My paintings start with a feeling, and the painting’s development flows from that guiding emotion. I try to provide a narrative structure for the meaning of the painting through its imagery. Although my imagery may be realistic, the overall picture is of something dreamlike, not quite real. My inescapable Dutch heritage comes into play, in particular my love of 17th century Dutch genre paintings, as well as research into old master painting techniques.
I learn by observing nature. I enjoy trying to capture realistic detail and light. I paint on wood panels that I’ve prepared with traditional gesso. I work in oil paint, building layers of glazes, mixing new techniques with old. I like to constantly challenge myself technically, trying out new methods, and never repeating a color palette or rarely a specific subject from one painting to the next. However, when I step back and look at my body of work, I see that I am detail oriented, and have a quiet, not rushed or violent way of expressing myself. I enjoy humor and the absurd, as well as having a deep sympathy for the fragility of life.

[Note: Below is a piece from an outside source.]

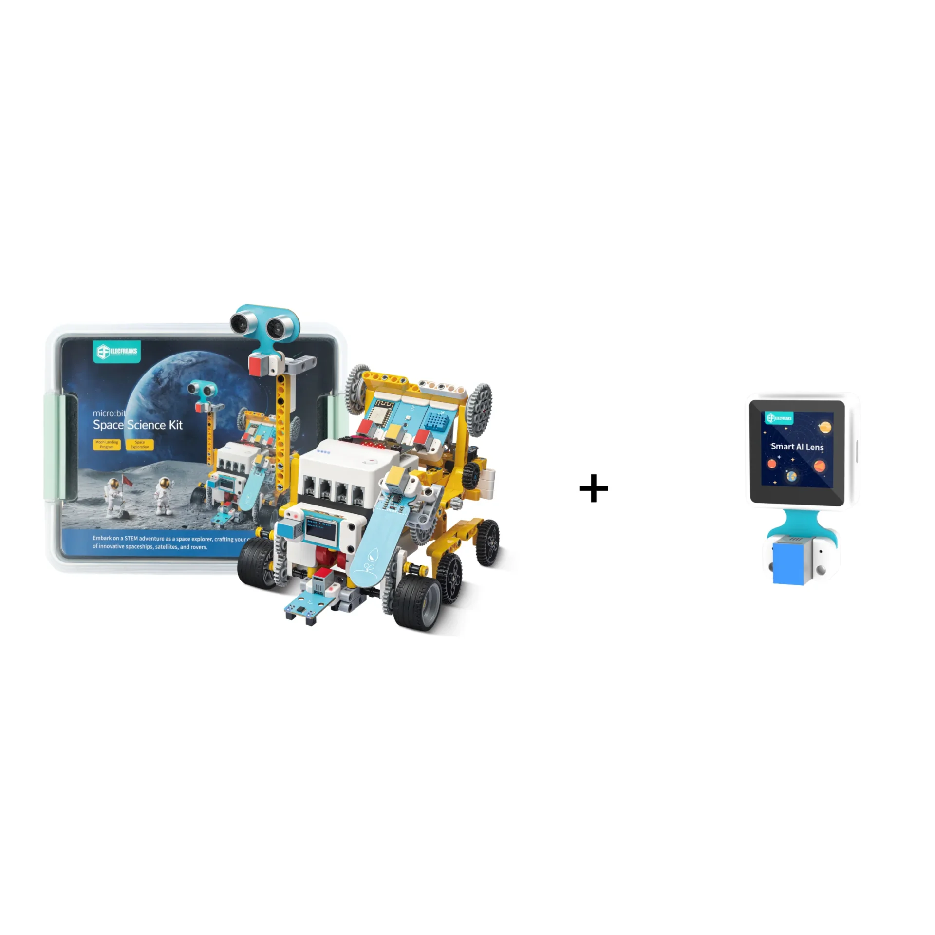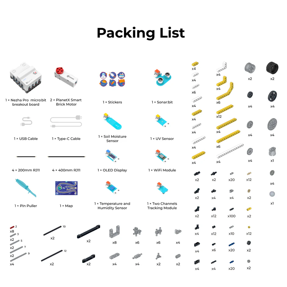 The micro:bit Space Science Kit is a STEAM education kit for elementary and middle school students. The kit uses the Nezha breakout board V2, the PlanetX Smart Motor, a variety of PlanetX sensors, a scenario-based map of the moon landing plan, and several building blocks to allow students to build projects and realize simulation missions on the moon.

The emotions I try to portray are often not easily definable. I try to describe a mother’s love for her vulnerable child, a sadness for the overlooked passing of seeming insignificant life, the frustrations of aging, the sensuousness of succumbing to nature, the exhaustion of battling chauvinism. Although these ideas are clear in my mind and serve as a guide in the development of my painting, I do not want a blatant portrayal of the painting’s meaning. Together, the emotions are tied to being female in the world today. I paint from my own experience, trusting that if I can paint honestly, the personal can become the universal.